**Try it**. From the listing below, copy only the lines from the line that contains "ノミダニ駆虫済み。 検便異常なし。 |" to the line that contains "Только для резидентов: •", counting those two lines as part of the copy.

**Source data**.
-=-=-

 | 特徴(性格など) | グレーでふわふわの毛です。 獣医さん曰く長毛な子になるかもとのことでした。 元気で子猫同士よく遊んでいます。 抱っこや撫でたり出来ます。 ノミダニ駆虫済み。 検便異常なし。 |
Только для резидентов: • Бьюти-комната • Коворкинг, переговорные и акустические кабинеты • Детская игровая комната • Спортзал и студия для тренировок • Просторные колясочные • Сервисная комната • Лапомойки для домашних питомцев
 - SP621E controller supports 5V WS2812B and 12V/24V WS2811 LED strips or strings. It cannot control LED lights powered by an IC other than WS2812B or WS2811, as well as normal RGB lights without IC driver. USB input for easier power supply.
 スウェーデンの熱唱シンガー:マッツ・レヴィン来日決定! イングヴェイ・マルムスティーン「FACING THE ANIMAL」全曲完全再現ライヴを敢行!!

-=-=-

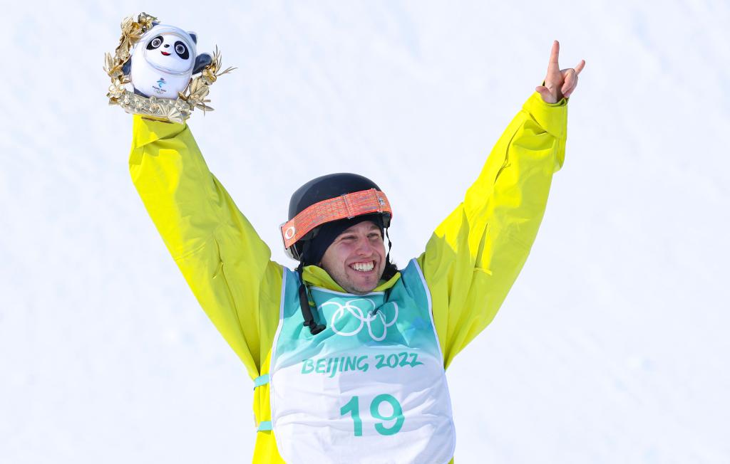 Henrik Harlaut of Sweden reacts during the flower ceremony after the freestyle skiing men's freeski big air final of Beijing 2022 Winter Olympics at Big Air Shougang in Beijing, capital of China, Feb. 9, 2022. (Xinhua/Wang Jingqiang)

-=-=-

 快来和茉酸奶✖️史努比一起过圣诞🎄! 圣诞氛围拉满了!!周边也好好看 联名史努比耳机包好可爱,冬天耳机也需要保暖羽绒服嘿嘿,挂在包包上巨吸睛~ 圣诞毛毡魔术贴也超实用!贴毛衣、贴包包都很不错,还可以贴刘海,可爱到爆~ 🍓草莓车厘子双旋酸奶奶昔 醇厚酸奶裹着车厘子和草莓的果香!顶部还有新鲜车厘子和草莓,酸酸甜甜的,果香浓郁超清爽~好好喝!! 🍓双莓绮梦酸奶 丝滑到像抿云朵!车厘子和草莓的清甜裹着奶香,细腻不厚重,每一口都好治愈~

-=-=-

**Written answer**.
 | 特徴(性格など) | グレーでふわふわの毛です。 獣医さん曰く長毛な子になるかもとのことでした。 元気で子猫同士よく遊んでいます。 抱っこや撫でたり出来ます。 ノミダニ駆虫済み。 検便異常なし。 |
Только для резидентов: • Бьюти-комната • Коворкинг, переговорные и акустические кабинеты • Детская игровая комната • Спортзал и студия для тренировок • Просторные колясочные • Сервисная комната • Лапомойки для домашних питомцев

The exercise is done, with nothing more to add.